[Items from a dataset]
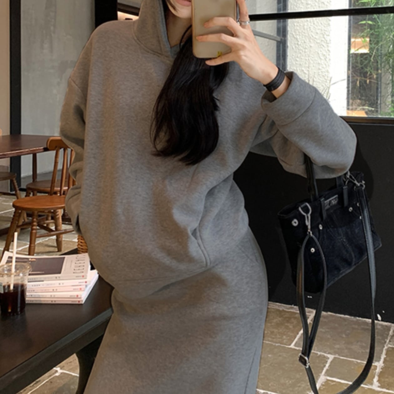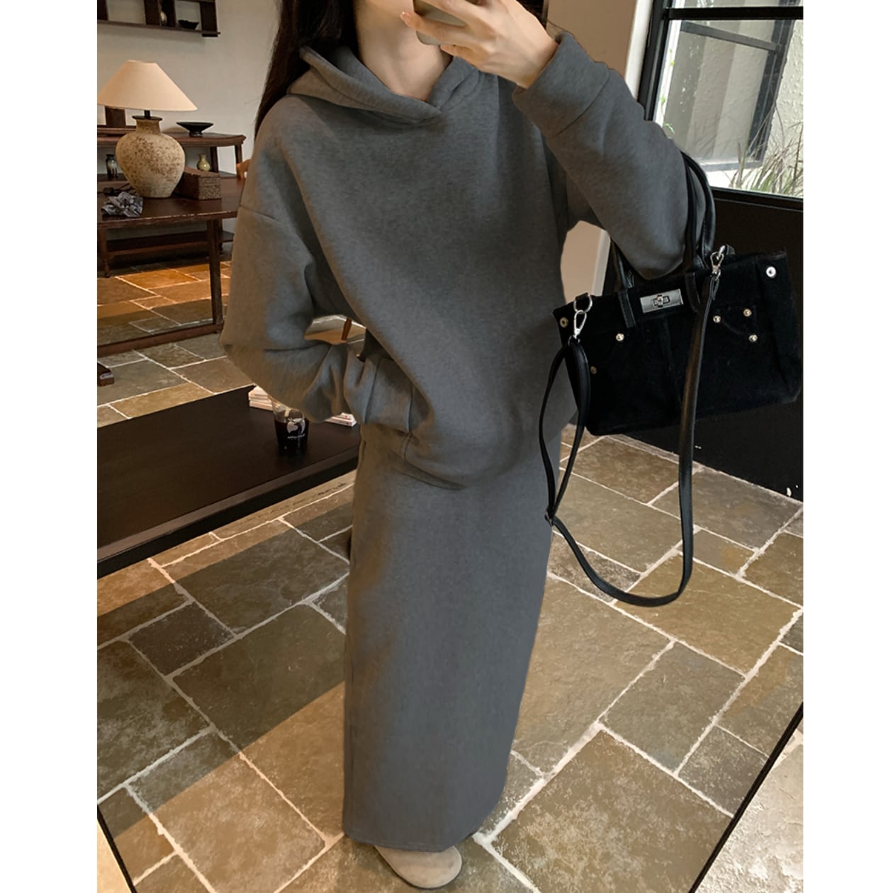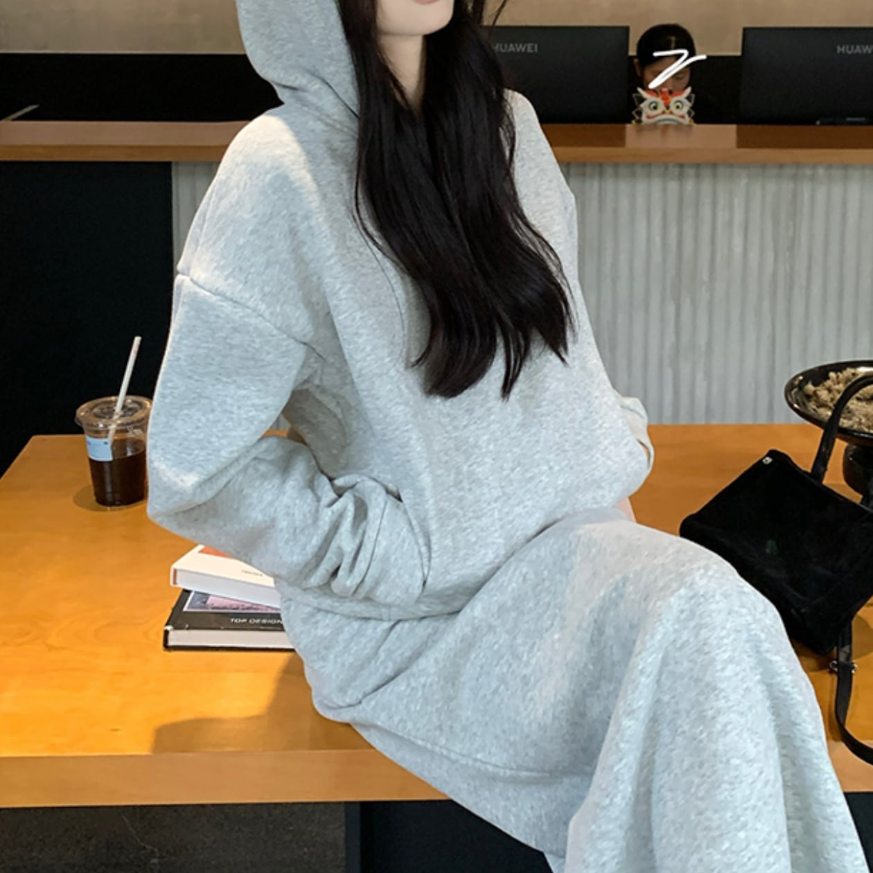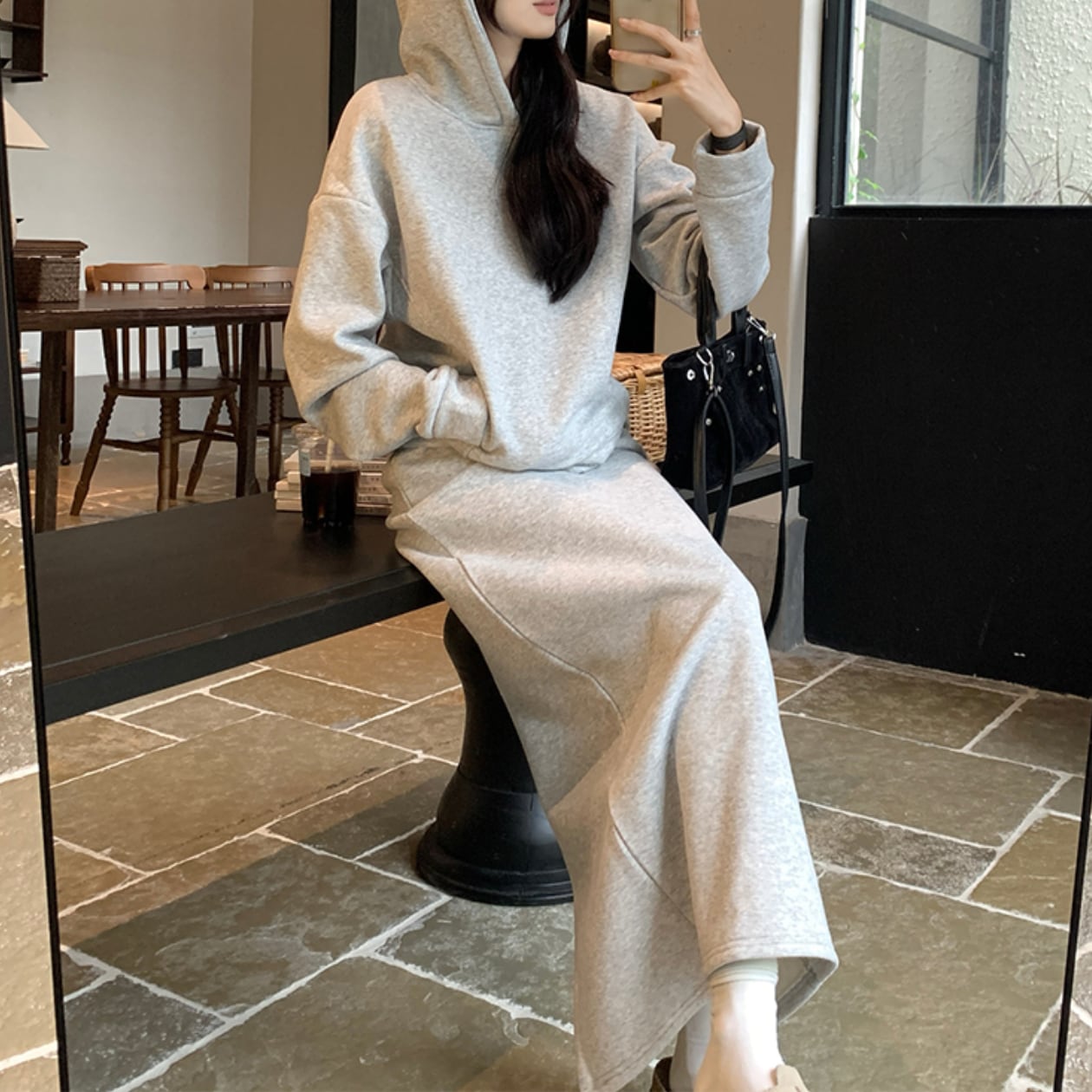 フード付きロング丈のセットアップパーカーは、一枚で着るだけでこなれた雰囲気を演出できる優秀アイテムです☆
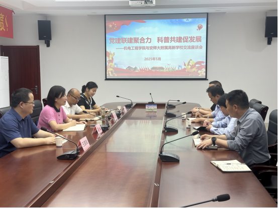 为进一步深化党建引领,践行服务社会功能,夯实“双带头人”教师党支部书记“强国行”专项行动,5月15日下午,机电工程学院党委、机械设计系党支部赴安徽师范大学附属淮南高新学校党支部开展“党建联建聚合力 科普共建促发展”党建联建活动。
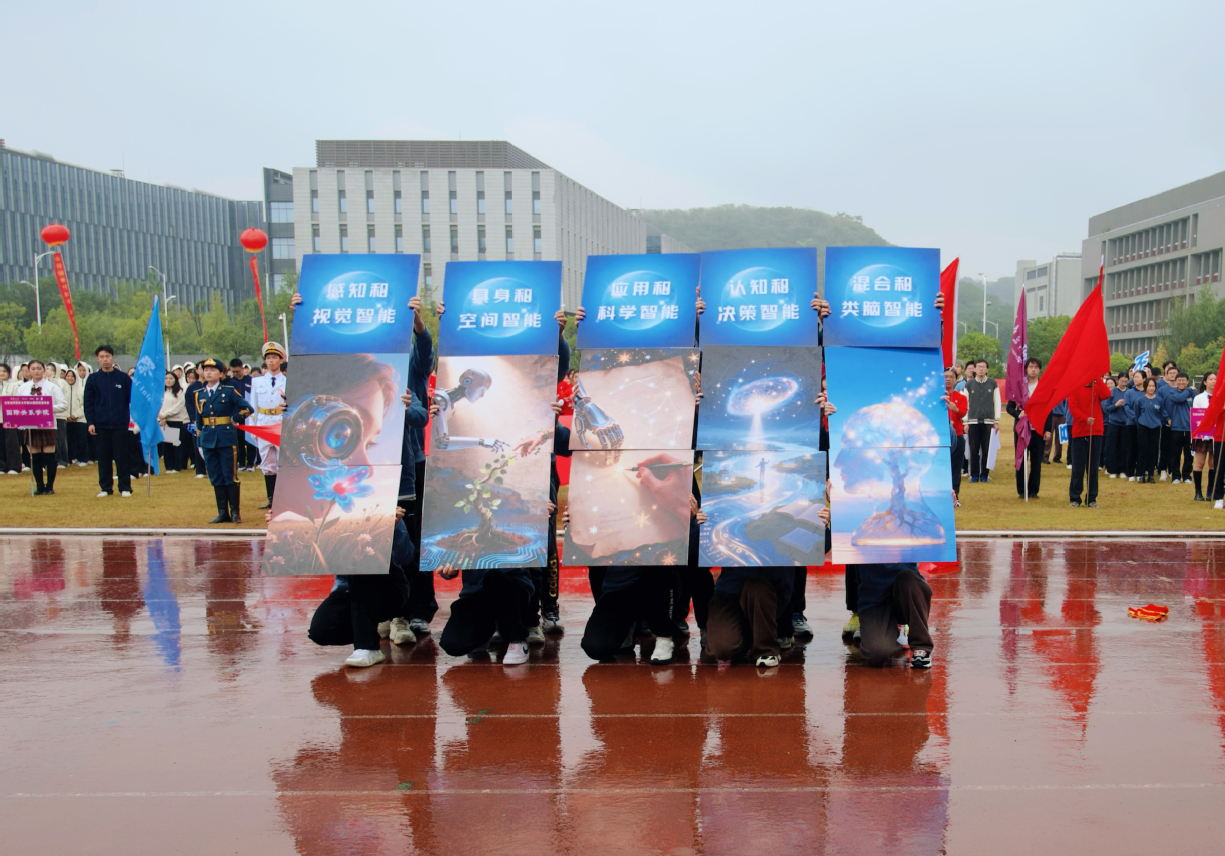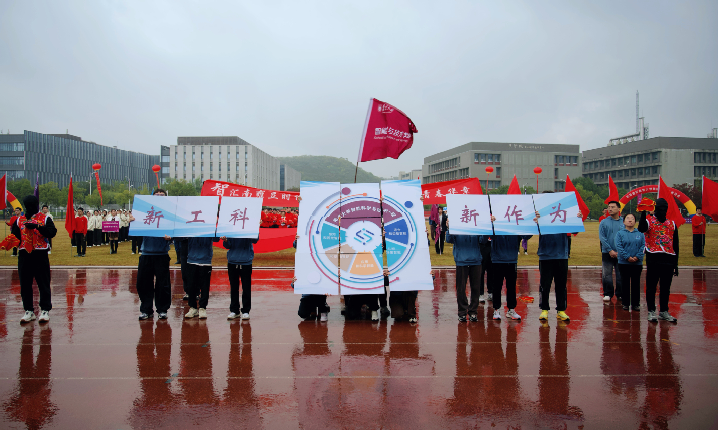 雨势渐大,却掩不住现场火热的氛围。“智汇南雍立时代潮头,科创报国谱青春华章”的横幅,彰显了学院聚焦智能前沿、助力新质生产力发展的目标。同学们手持五大智能前沿方向的立牌,从感知与视觉智能、具身与空间智能、应用与科学智能、认知与决策智能到混合与类脑智能,展现出学院深耕核心领域的学科实力与发展底气。随后,四位同学化身科技机器人,以利落的机械舞生动演绎“人工智能为擎”的理念,呼应“学科交叉为翼”的学院精神,展现出智能科技与运动活力的完美融合。
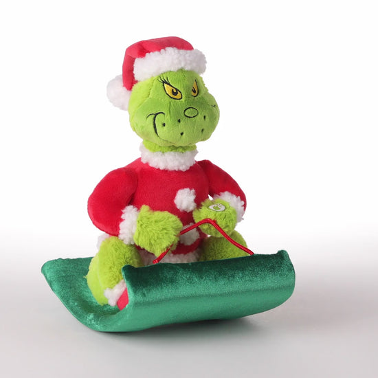 Cruise through the holidays in fun style with this adorably grouchy plush Grinch character. Dr. Seuss's Grinch musical stuffed animal is dressed in a Santa suit and sits on a sled. Press the button on his hand to see him rock back and forth on his sled to the song "You're a Mean One, Mr. Grinch." Sledding Grinch plush makes a hilarious gift for a holiday party hostess or Grinch fan.
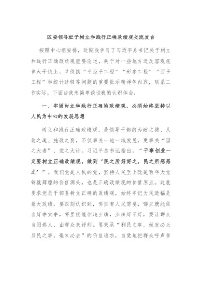 / 【七哥公文】2024年:区委领导班子树立和践行正确政绩观交流发言+更多免费公文+VX:QiGeGongWen2024
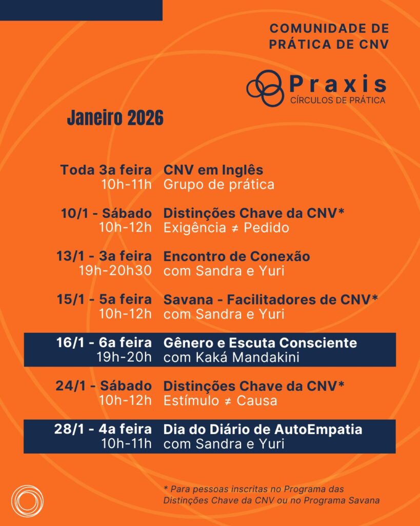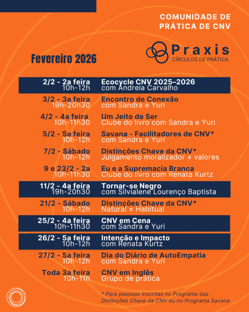 Programa anual com encontros quinzenais online ao vivo, para quem já conhece a CNV e quer aprofundar em sua própria vida o entendimento, a integração e a vivência do paradigma da CNV.
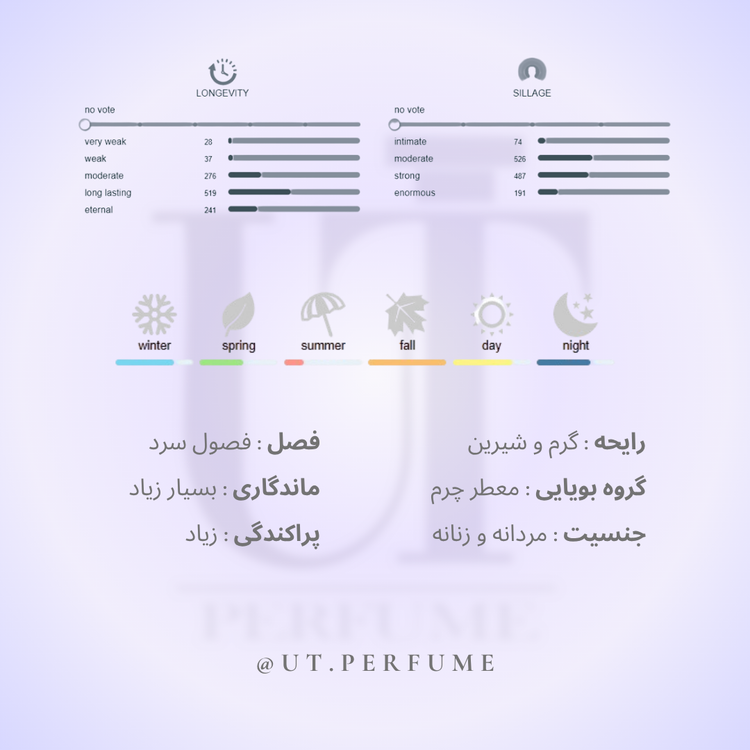 یک عطر چهارفصل عالی که به خصوص در بهار و پاییز میدرخشد. برای استفاده روزانه و موقعیتهای
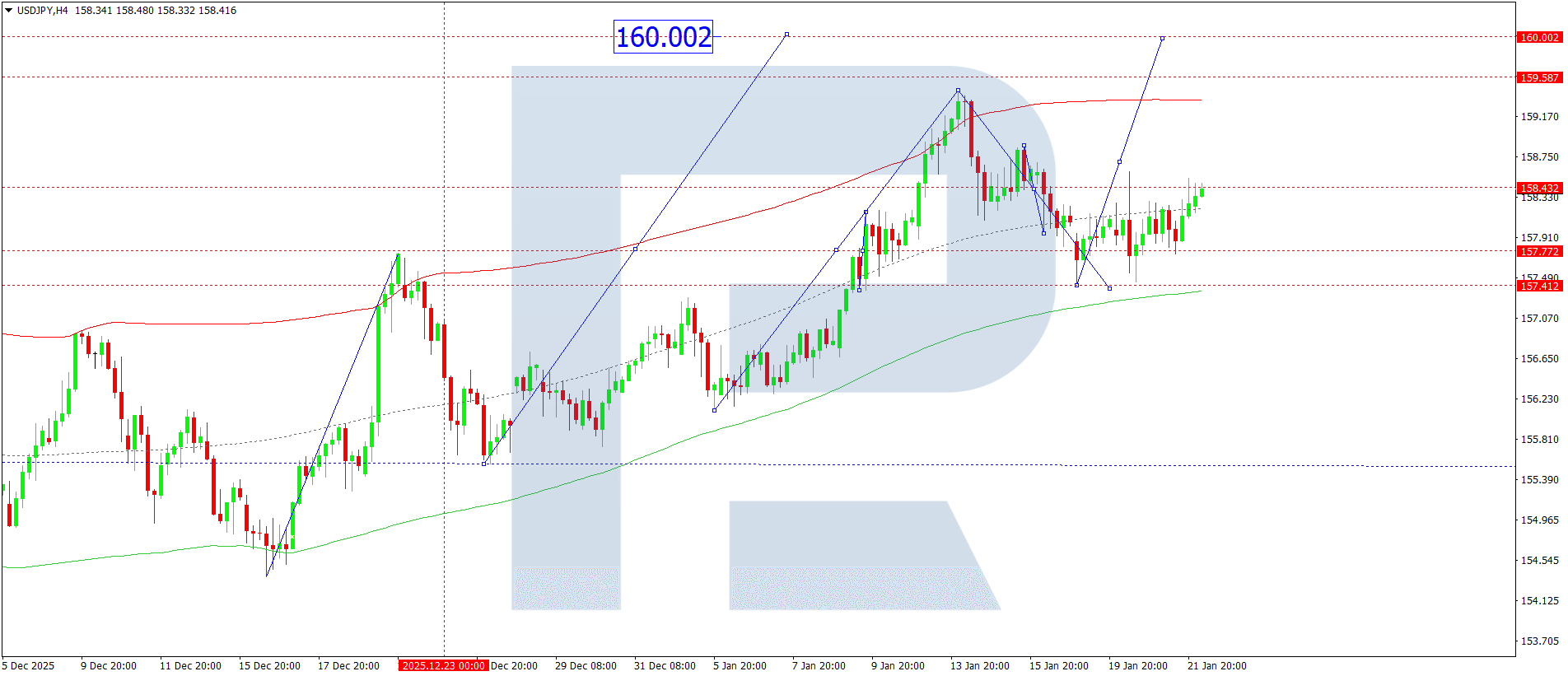 On the USDJPY H4 chart, the market continues to develop a consolidation range around the 158.15 level. Today, 22 January 2026, a downside breakout from the range would open the potential for a wave towards 156.81. Conversely, an upside breakout from the range could trigger a wave towards the 160.00 level.
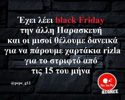 Έχει λέει Black Friday την άλλη Παρασκευή και οι μισοί θέλουμε δανεικά για να πάρουμε χαρτάκια rizla για το στριφτό από τις 15 του μήνα @pepe_g12
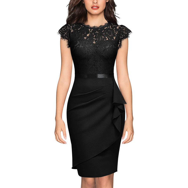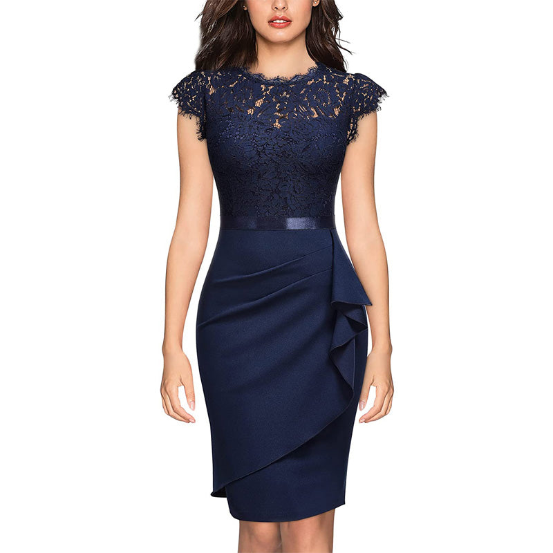 • Version: Hohe Taille, runder Ausschnitt, Spitze, sexy Party-Abendkleid.
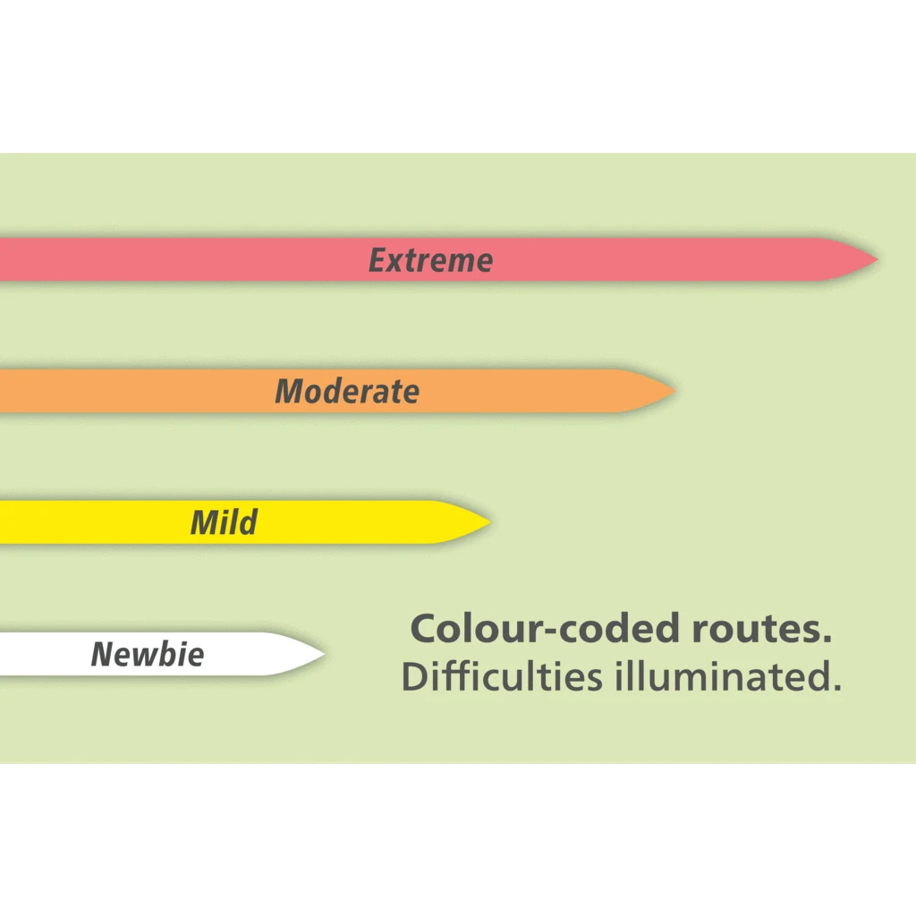 - Colour-coding for difficulty ratings
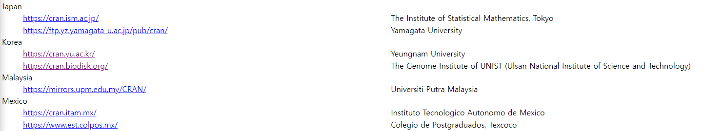 CRAN은 the Comprehensive R Archive Network의 약자로, R과 관련되어 업데이트된 자료 및패키지를 보관하고 있다.

*What to work on*: Nothing but an exact copy is needed, covering the lines from the line with "Spitze, sexy Party-Abendkleid." through the last line of the entries, pictures excluded.

*Response to the exercise*:
 • Version: Hohe Taille, runder Ausschnitt, Spitze, sexy Party-Abendkleid.
 - Colour-coding for difficulty ratings
 CRAN은 the Comprehensive R Archive Network의 약자로, R과 관련되어 업데이트된 자료 및패키지를 보관하고 있다.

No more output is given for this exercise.